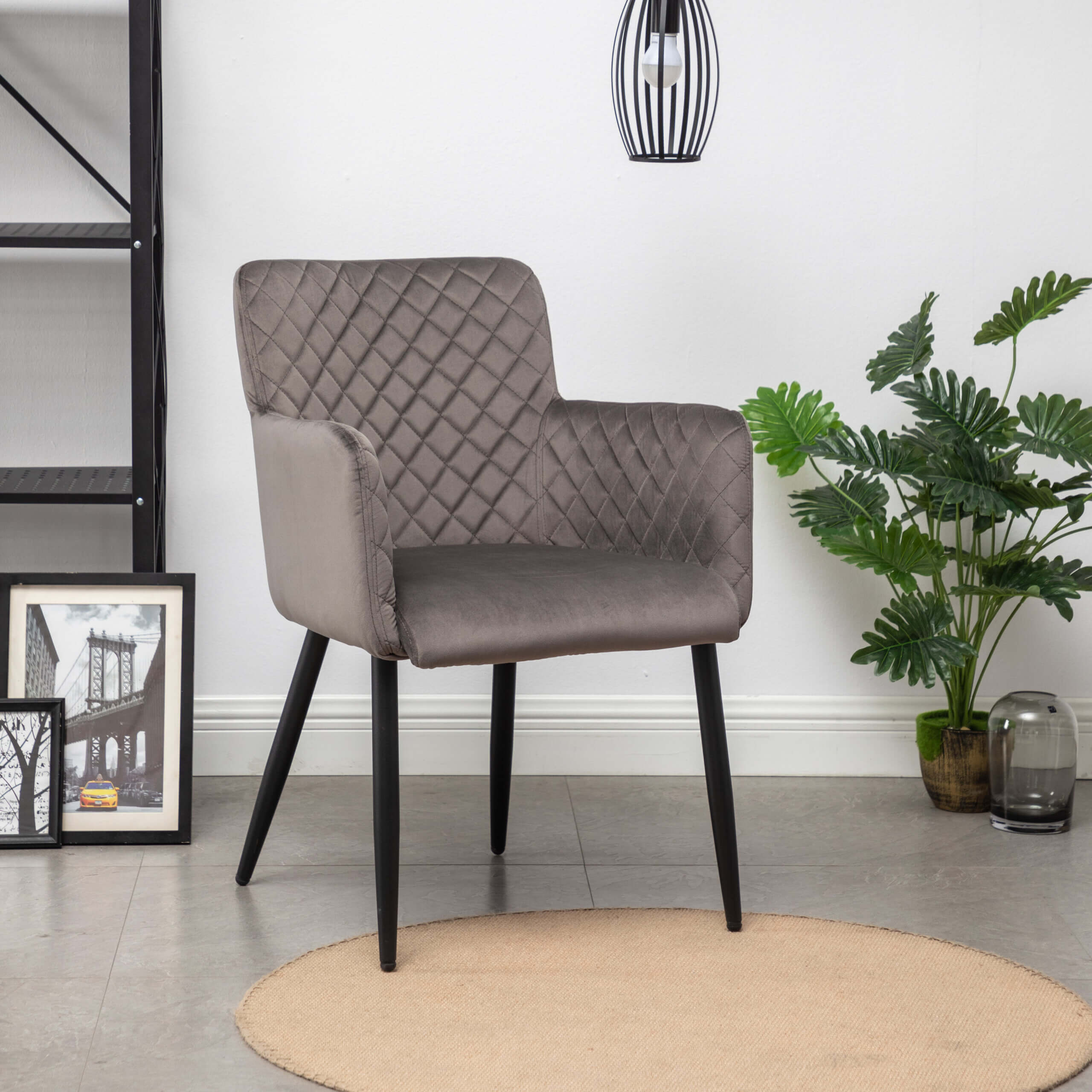 Eetkamerstoel Bryan komt in een set van 6 eetkamerstoelen. De metalen poten en geblokte patroon in de zitting zorgen voor een stoer, industrieel uiterlijk. Zet de stoelen aan de eettafel en geniet van het comfort dat deze stoelen biedt.
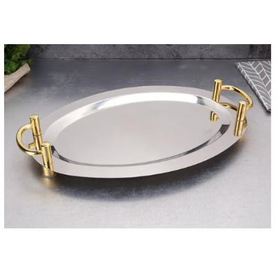 彩塘 加厚不锈钢商用餐盘 水果盘带耳托盘 20寸椭圆盘
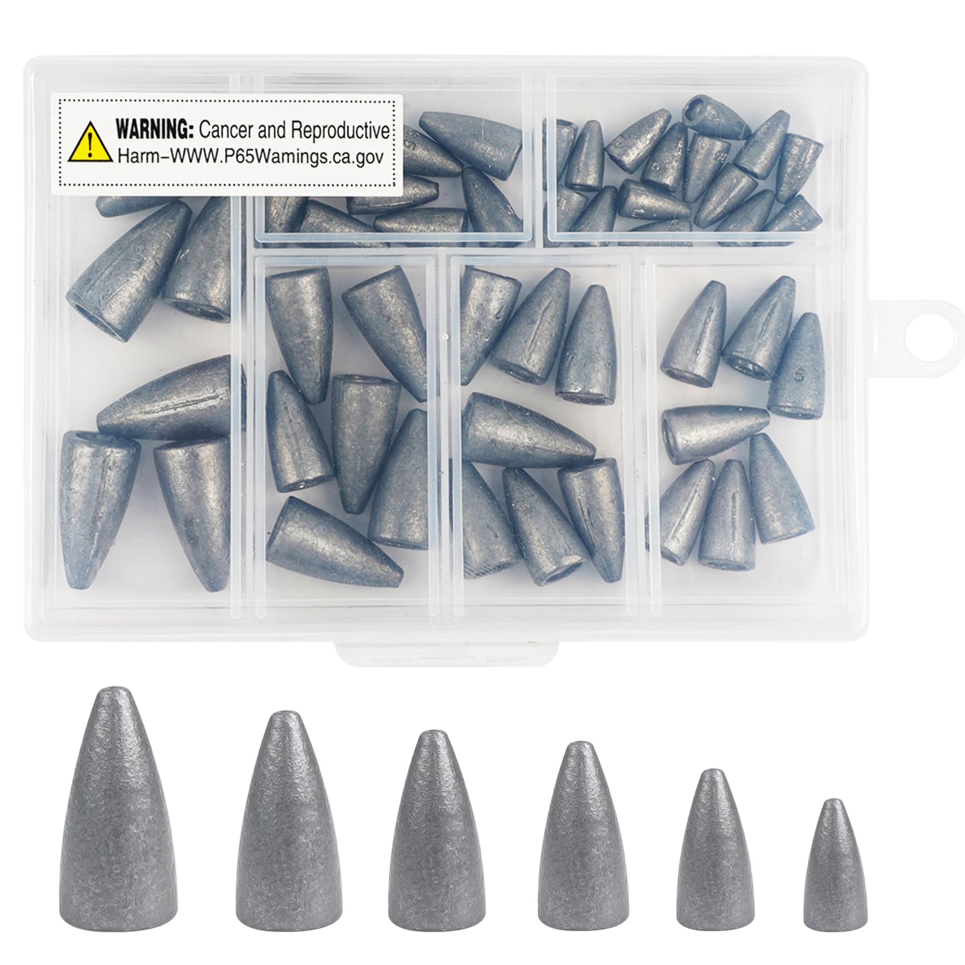 - 【PACKAGE INCLUDE】Bullet worm fishing weights sinker kit contains assorted weights in sizes 1/16oz-15pcs, 1/8oz-8pcs, 3/16oz-8pcs, 1/4oz-7pcs, 3/8oz-6pcs, 1/2oz-6pcs. Total 50pcs in a reuseble plastic box.Multsize will meet your multi fishing options.

___

Please give the data above again in exact form and omit every picture.

 Eetkamerstoel Bryan komt in een set van 6 eetkamerstoelen. De metalen poten en geblokte patroon in de zitting zorgen voor een stoer, industrieel uiterlijk. Zet de stoelen aan de eettafel en geniet van het comfort dat deze stoelen biedt.
 彩塘 加厚不锈钢商用餐盘 水果盘带耳托盘 20寸椭圆盘
 - 【PACKAGE INCLUDE】Bullet worm fishing weights sinker kit contains assorted weights in sizes 1/16oz-15pcs, 1/8oz-8pcs, 3/16oz-8pcs, 1/4oz-7pcs, 3/8oz-6pcs, 1/2oz-6pcs. Total 50pcs in a reuseble plastic box.Multsize will meet your multi fishing options.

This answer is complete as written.